___ Records for this task ___
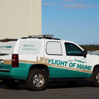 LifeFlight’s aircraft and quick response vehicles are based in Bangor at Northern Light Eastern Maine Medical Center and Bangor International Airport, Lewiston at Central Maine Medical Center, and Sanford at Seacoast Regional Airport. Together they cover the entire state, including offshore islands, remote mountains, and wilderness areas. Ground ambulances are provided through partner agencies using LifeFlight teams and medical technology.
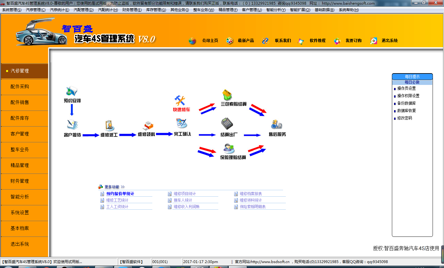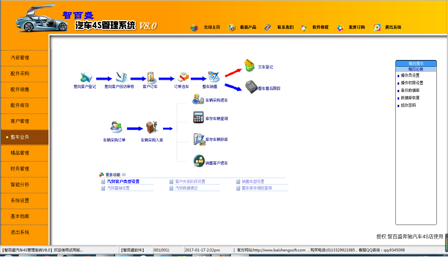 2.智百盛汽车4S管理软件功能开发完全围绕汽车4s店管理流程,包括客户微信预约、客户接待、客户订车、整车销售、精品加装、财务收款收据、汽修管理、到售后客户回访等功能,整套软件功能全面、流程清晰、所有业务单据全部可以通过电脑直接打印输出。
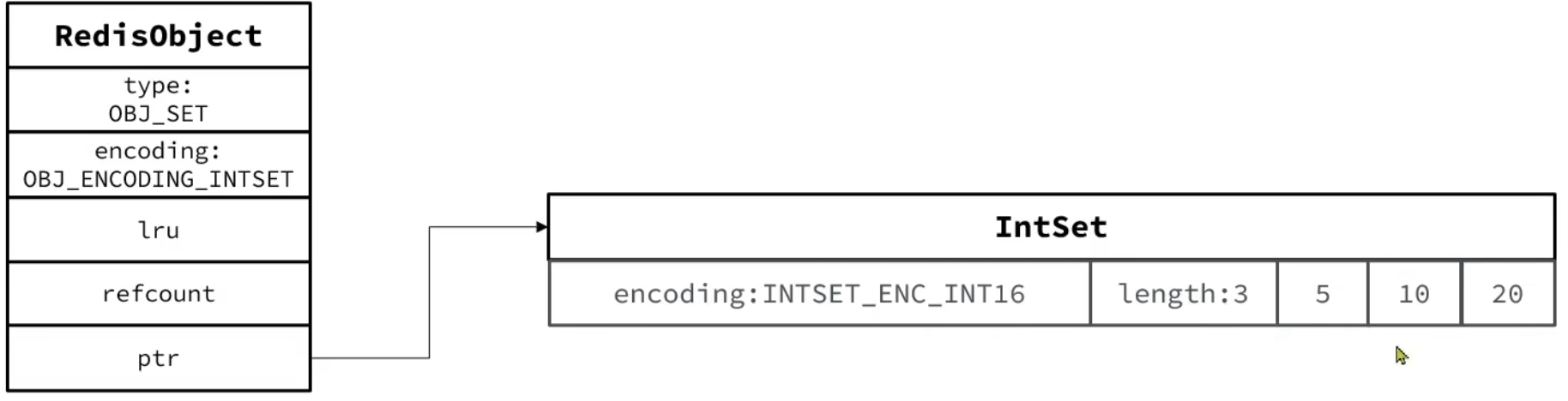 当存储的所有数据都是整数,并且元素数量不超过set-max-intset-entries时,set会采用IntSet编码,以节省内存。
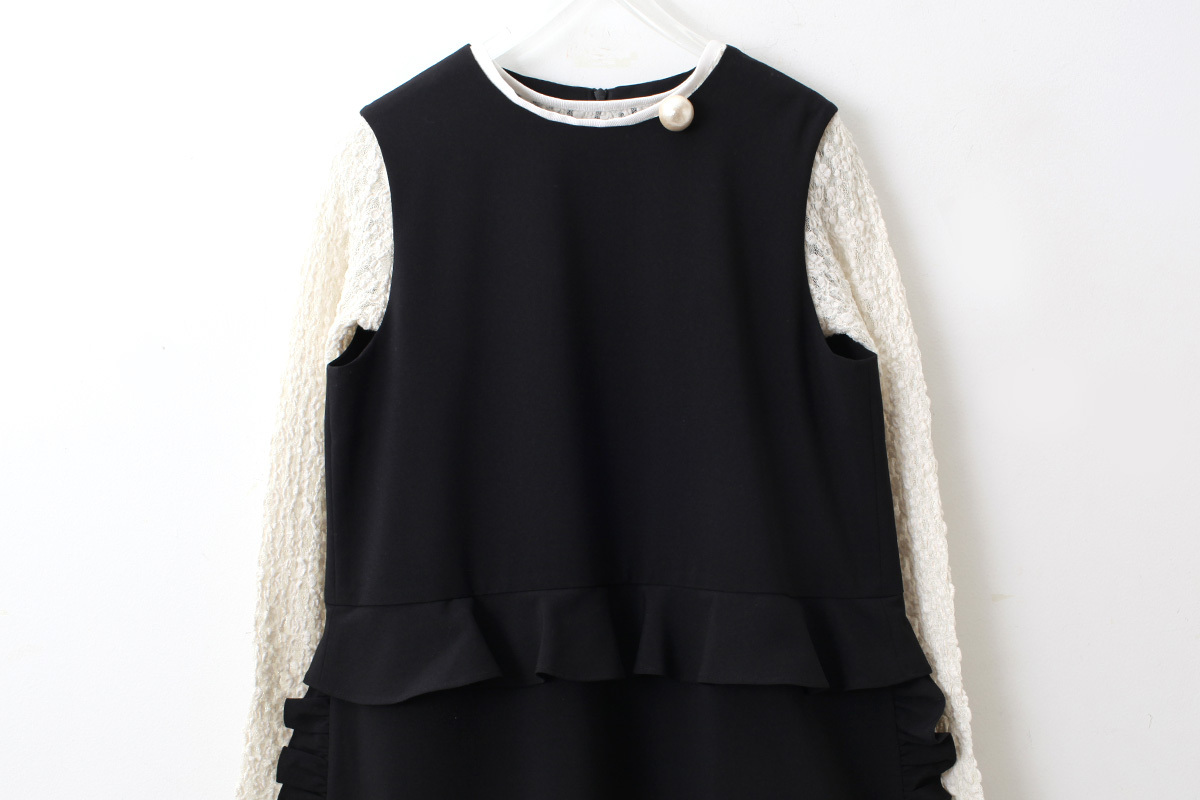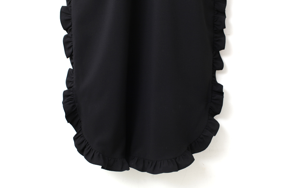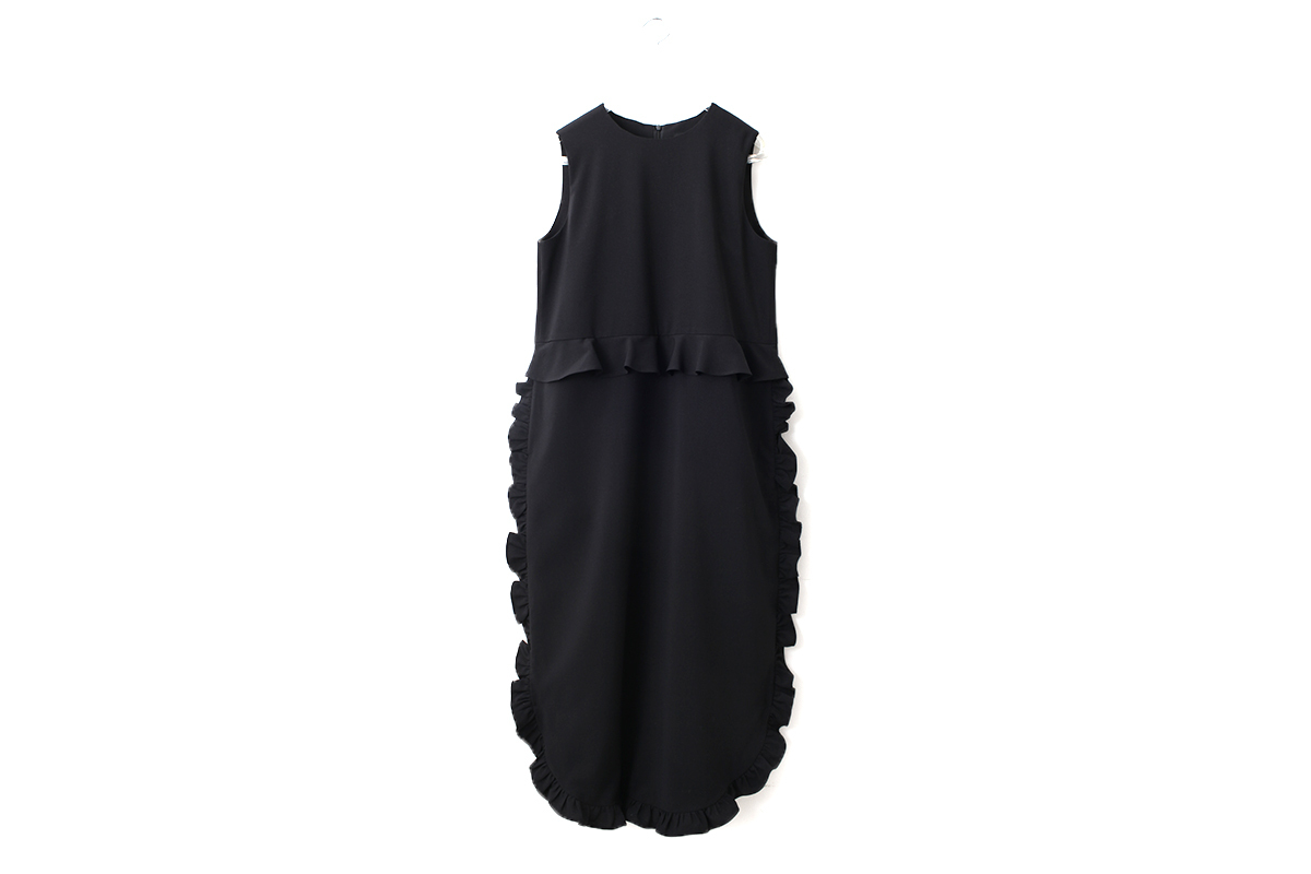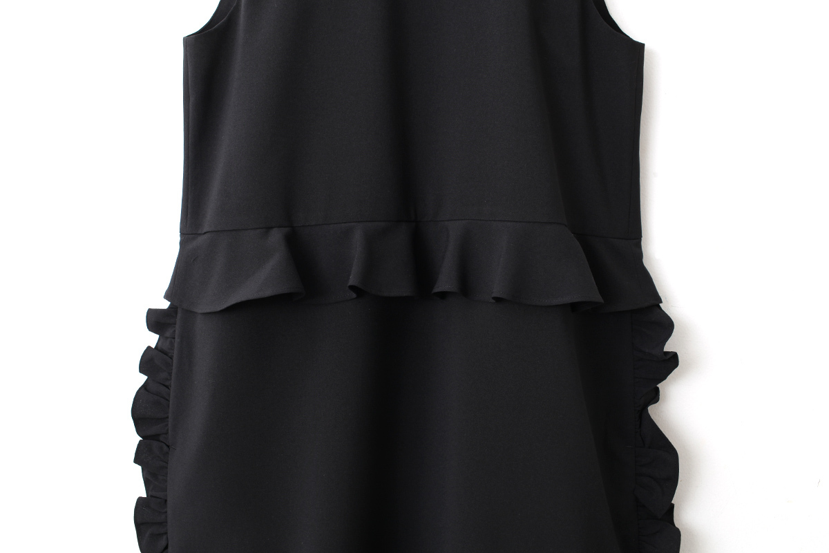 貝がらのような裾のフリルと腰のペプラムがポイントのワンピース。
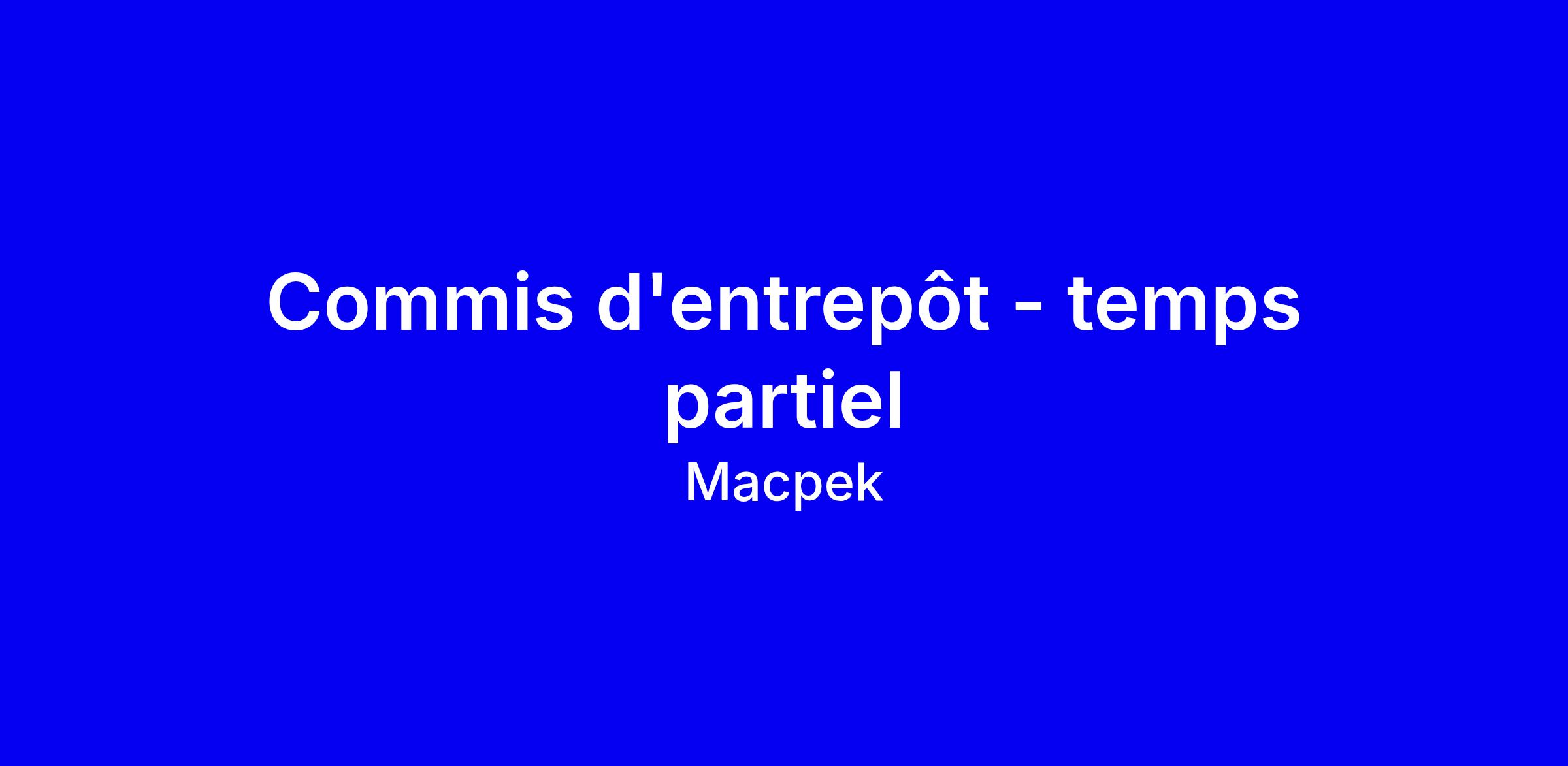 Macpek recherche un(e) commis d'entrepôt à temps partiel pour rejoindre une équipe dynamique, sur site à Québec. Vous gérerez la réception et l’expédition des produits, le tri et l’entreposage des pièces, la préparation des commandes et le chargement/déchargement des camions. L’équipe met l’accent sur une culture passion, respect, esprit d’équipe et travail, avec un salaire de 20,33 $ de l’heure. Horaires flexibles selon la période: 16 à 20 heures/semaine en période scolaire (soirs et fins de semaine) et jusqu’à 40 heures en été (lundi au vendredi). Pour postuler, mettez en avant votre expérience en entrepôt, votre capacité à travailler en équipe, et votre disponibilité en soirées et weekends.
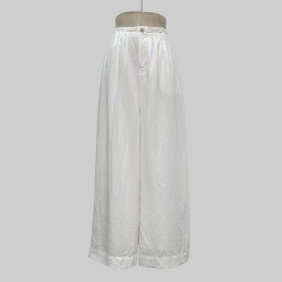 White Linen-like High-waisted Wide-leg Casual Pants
___
§ Instructions for the task:
Please write out exactly the lines from the one holding "Macpek recherche un(e)" through the last line of the material above, both included, as a copy without pictures.

§ Answer for the task:
 Macpek recherche un(e) commis d'entrepôt à temps partiel pour rejoindre une équipe dynamique, sur site à Québec. Vous gérerez la réception et l’expédition des produits, le tri et l’entreposage des pièces, la préparation des commandes et le chargement/déchargement des camions. L’équipe met l’accent sur une culture passion, respect, esprit d’équipe et travail, avec un salaire de 20,33 $ de l’heure. Horaires flexibles selon la période: 16 à 20 heures/semaine en période scolaire (soirs et fins de semaine) et jusqu’à 40 heures en été (lundi au vendredi). Pour postuler, mettez en avant votre expérience en entrepôt, votre capacité à travailler en équipe, et votre disponibilité en soirées et weekends.
 White Linen-like High-waisted Wide-leg Casual Pants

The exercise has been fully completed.